Maravich struggled somewhat during his second season. His scoring average dipped to 19.3 points per game, and the Hawks finished with another disappointing 36–46 record. Once again they qualified for the playoffs, and once again they were eliminated in the first round. However, Atlanta fought hard against the Boston Celtics, with Maravich averaging 27.7 points in the series.

Maravich erupted in his third season, averaging 26.1 points (fifth in the NBA) and dishing out 6.9 assists per game (sixth in the NBA). With 2,063 points, he combined with Hudson (2,029 points) to become only the second set of teammates in league history to each score over 2,000 points in a single season. (Note: Elgin Baylor and Jerry West were the first to accomplish this feat in the Los Angeles Lakers' 1964–65 season. It has since accomplished only three times: back-to-back by Kiki Vandeweghe and Alex English of the 1982–1984 Denver Nuggets, and by Larry Bird and Kevin McHale of the 1986–87 Boston Celtics.) The Hawks soared to a 46–36 record, but again bowed out in the first round of the playoffs. However, the season was good enough to earn Maravich his first-ever appearance in the NBA All-Star Game, and also All-NBA Second Team honors.
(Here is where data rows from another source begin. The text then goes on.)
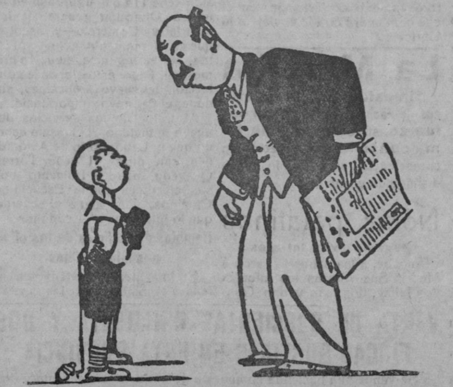
—¿Cómo las personas menores no contestan a las mayores? —¡Ah!, sí. ¿Y por qué mamá, que es más pequeña que tú, te contesta y te aguantas?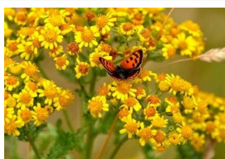
Small copper butterfly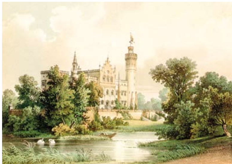
Dobra (Dobrau, Kr. Neustadt), pow. krapkowicki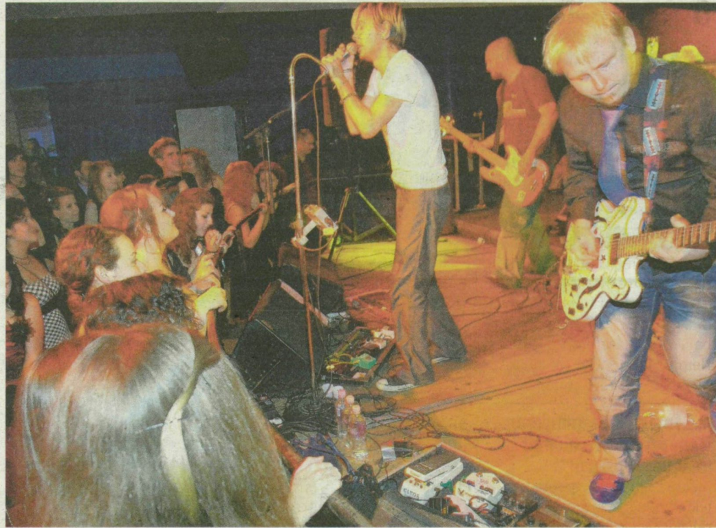
A 30Y koncertje felrázta a társaság nagy részét.

Éjfél után pár perccel az összes elsőéves egyetemista beözönlött a tereembe, hogy jobb kezét a szíve fölé helyezve elmondja a szokásos fogadalmat; mi pedig magukra hagytuk a tanulást helyett bulizásra felesküdt gólyákat.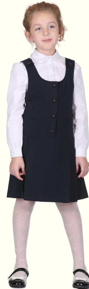
Сарафан DS-S5-004 Блузка CBLG-A005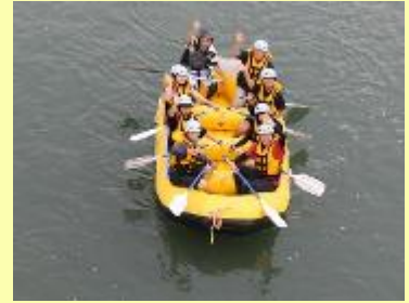
【ラフティングの様子】

日本三大急流である球磨川でラフティングをしながら、人吉市の自然を味わうとともに自然体験活動の楽しさを体感しました。ラフティングコースの中には豪雨災害により被害にあった民家や鉄道橋を間近で見ることができ、自然災害の恐ろしさも同時に学びました。

The following season (1973–74) was his best yet—at least in terms of individual accomplishments. Maravich posted 27.7 points per game—second in the league behind Bob McAdoo—and earned his second appearance in the All-Star Game, where he would start for the Eastern Conference and score 15 points. However, Atlanta sank to a disappointing 35–47 record and missed the postseason entirely. By this point, he and head coach Cotton Fitzsimmons did not get along, with the latter giving him a two-game suspension at one point.

===New Orleans Jazz===
In the summer of 1974, the expansion New Orleans Jazz franchise was preparing for its first season of competition in the NBA, and was looking to generate excitement among its new basketball fans. His style of play made Maravich a good draft target for the franchise. Additionally, he was already a celebrity in the state due to his accomplishments at LSU. To acquire Maravich, the Jazz traded two players and four draft picks to Atlanta.
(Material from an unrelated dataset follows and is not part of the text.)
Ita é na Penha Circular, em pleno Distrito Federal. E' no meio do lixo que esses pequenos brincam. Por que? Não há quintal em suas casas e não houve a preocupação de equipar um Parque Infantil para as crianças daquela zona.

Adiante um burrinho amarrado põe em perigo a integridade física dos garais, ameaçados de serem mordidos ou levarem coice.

The expansion team struggled mightily in its first season. Maravich managed to score 21.5 points per game, but shot a career-worst 41.9% from the floor. The Jazz posted a 23–59 record, worst in the NBA.
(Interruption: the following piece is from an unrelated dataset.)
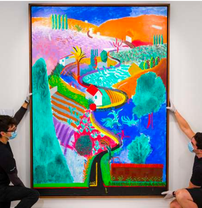
David Hockney, Nichols Canyon (1980)

↑ En 2019, Hockney pointait à la dixième place du classement des plus belles enchères. Le 7 décembre dernier, ce paysage, Nichols Canyon était adjugé plus de 33 millions d'euros par la maison Phillips à New York.

Jazz management did its best to give Maravich a better supporting cast. The team posted a 38–44 record in its second season (1975–76), but did not qualify for postseason play despite the dramatic improvement. Maravich struggled with injuries that limited him to just 62 games that season, but he averaged 25.9 points per contest (third behind McAdoo and Kareem Abdul-Jabbar) and continued his crowd-pleasing antics. He was elected to the All-NBA First Team that year.

The following season (1976–77) was his most productive in the NBA. He led the league in scoring with an average of 31.1 points per game. He scored 40 points or more in 13 games, (Note: At the time, Tiny Archibald's 18 games of 40+ points in 1972–73 was the only total higher by a guard.) and 50 or more in four games. (Note: The most ever by a guard, until Michael Jordan did it eight times in 1986–87. Jordan went on to get four or more 50+ point games in three more seasons; Kobe Bryant is the only other guard to reach this mark, six times in 2005–06, and a record 10 times in 2006–07.) His 68-point masterpiece against the Knicks was at the time the most points ever scored by a guard in a single game, and only two players at any position had ever scored more: Wilt Chamberlain and Elgin Baylor. Coincidentally, Baylor was head coach of the Jazz at that time. Despite Maravich's performance, the team finished at 35–47 (three wins shy of the previous season) and once again failed to make the playoffs.

Maravich earned his third All-Star game appearance and was honored as All-NBA First Team for the second consecutive season.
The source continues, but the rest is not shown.